▶ _WHAT NEEDS TO BE DONE_:
Without copying any pictures, restate exactly the lines from the start of the records through the line containing "Power Mantra Bracelet".

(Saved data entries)
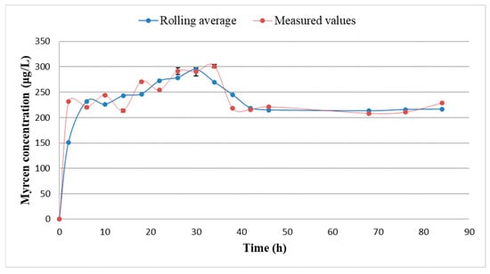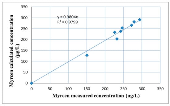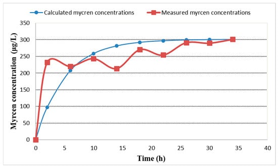 By curve fitting on the experimental results the model parameters were determined (Figure 7): maximum concentrations (cmax = 301 μg/L), dissolution rate constant (k = 0.1946 h−1), with correlation coefficient R2 = 0.873. For the dissolution rate the following model was adopted c = cmax(1 − e−kτ). The measured and calculated β-myrcene concentrations were plotted in Figure 8 (R2 = 0.9799). The differences were probably given by the inhomogeneity of the solution due to the size of the fermentation vessel.
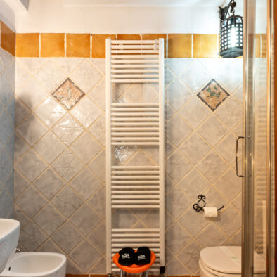 Bagno in camera completamente attrezzato con doccia, phon e set cortesia.
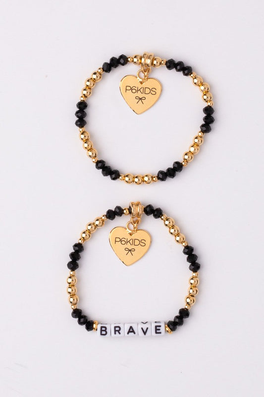 Power Mantra Bracelet Set - Black/Gold - "BRAVE"
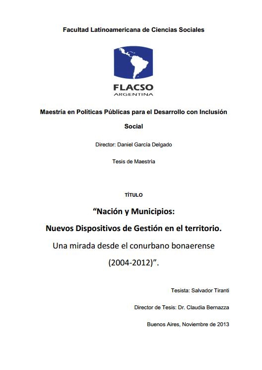 En este marco general, la pregunta de investigación que subyace este trabajo es: ¿cómo funcionan estos Nuevos Dispositivos de Gestión que emergieron de la implementación en el territorio de los programas nacionales? ¿Cómo impactaron en los Municipios y en el modo de articulación con Estado Nacional? En este contexto, nuestro objetivo general es describir y analizar los NDG que emergieron de la implementación en el territorio de los programas nacionales seleccionados. En segundo lugar, nos proponemos analizar y describir el impacto que tuvieron sobre los municipios en el conurbano bonaerense y en su relación con el Estado nacional. A partir de una estrategia de investigación cualitativa, basada en el análisis de la formulación del Programa Agua + Trabajo dependiente del Ministerio de Planificación Federal, Inversión pública y Servicios; el Programa Jóvenes con Más y Mejor Trabajo cuyo responsable es el Ministerio de Trabajo, Empleo y Seguridad Social; y el Programa Ingreso Social con Trabajo “Argentina Trabaja” que ejecuta el Ministerio de Desarrollo Social de la Nación, construimos las principales características del NDG con el objetivo de describirlo y analizarlo. Nuestro trabajo comprendió el desarrollo de los programas mencionados en el primer cordón del conurbano bonaerense (haciendo foco en su formulación) durante el período comprendido entre los años 2004-2012.
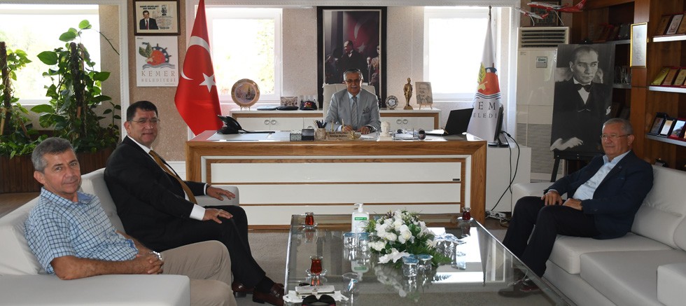 Antalya Esnaf ve Sanatkarlar Odaları Birliği (AESOB) Başkanı Adlıhan Dere, Kemer Belediye Başkanı Necati Topaloğlu ile bir araya geldi.Başkan Topaloğlu’na nezaket ziyareti gerçekleştiren Dere, 1 Hazirandan itibaren başlayan yeni normalleşme kararları kapsamında esnafın kepenk açma kapama saatleri konusunda Başkan Topaloğlu ile fikir alışverişinde bulundu. Dere’ye ziyareti sırasında, Kemer Esnaf ve Sanatkarlar Odası Başkanı Bolat Ünsal ve Kemer Ulaştırma Hizmetleri Esnaf ve Sanatkarlar Odası Başkanı Mustafa Tıraş’da eşlik etti.
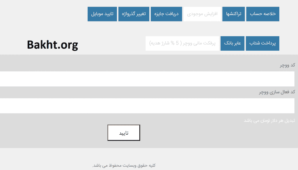 | روشهای واریز | درگاه، کارت، پرفکت مانی |
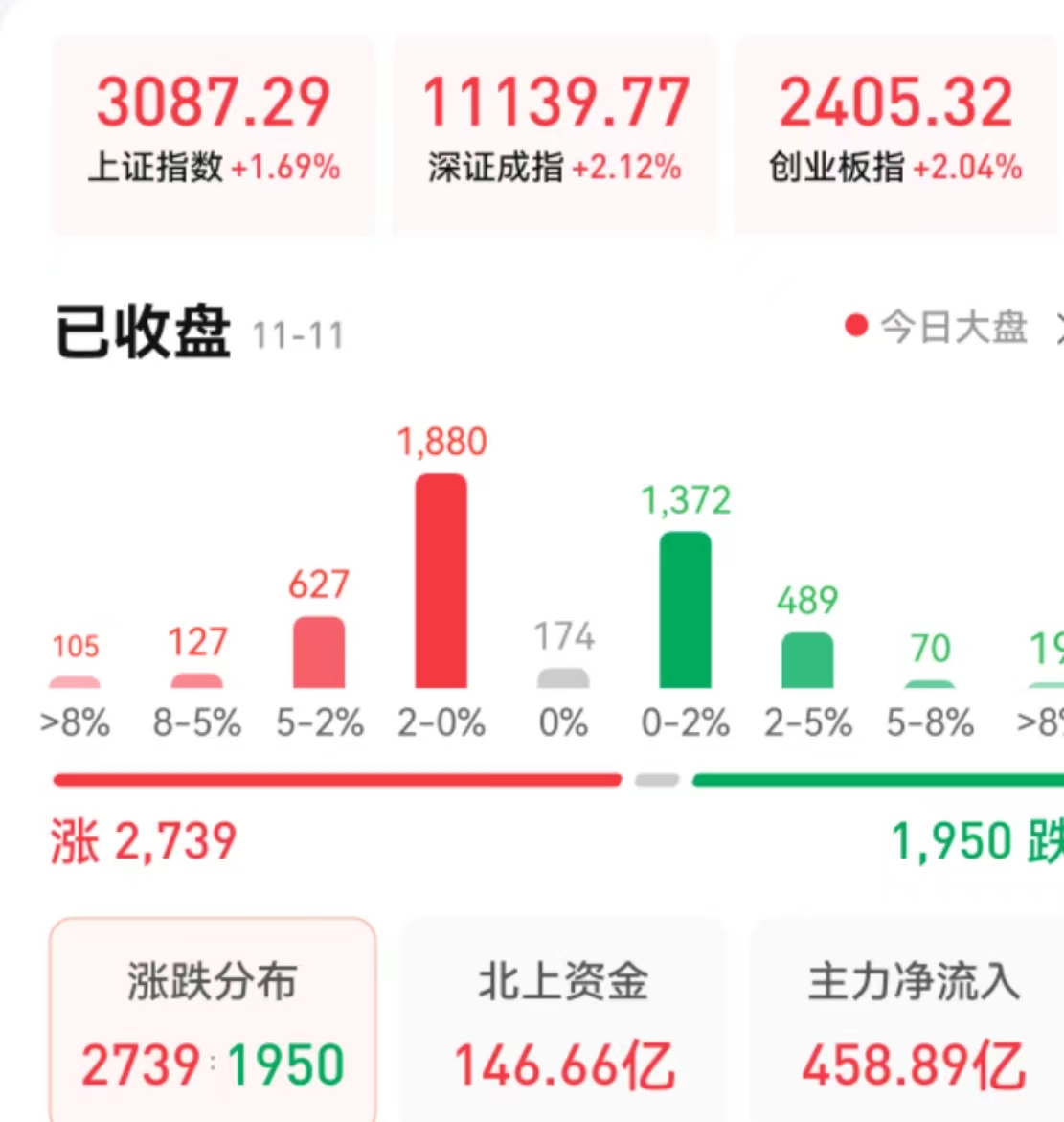 周五(11月11日),A股三大指數(shù)震蕩上揚(yáng)。截至收盤,上證指數(shù)漲1.69%報(bào)3087.29點(diǎn),深證成指漲2.12%報(bào)11139.77點(diǎn),創(chuàng)業(yè)板指漲2.04%報(bào)2405.32點(diǎn);兩市合計(jì)成交12231億元,北向資金凈買入146.66億元??傮w來看,兩市個(gè)股漲多跌少。

▶ _RESPONSE TO THIS TASK_:
 By curve fitting on the experimental results the model parameters were determined (Figure 7): maximum concentrations (cmax = 301 μg/L), dissolution rate constant (k = 0.1946 h−1), with correlation coefficient R2 = 0.873. For the dissolution rate the following model was adopted c = cmax(1 − e−kτ). The measured and calculated β-myrcene concentrations were plotted in Figure 8 (R2 = 0.9799). The differences were probably given by the inhomogeneity of the solution due to the size of the fermentation vessel.
 Bagno in camera completamente attrezzato con doccia, phon e set cortesia.
 Power Mantra Bracelet Set - Black/Gold - "BRAVE"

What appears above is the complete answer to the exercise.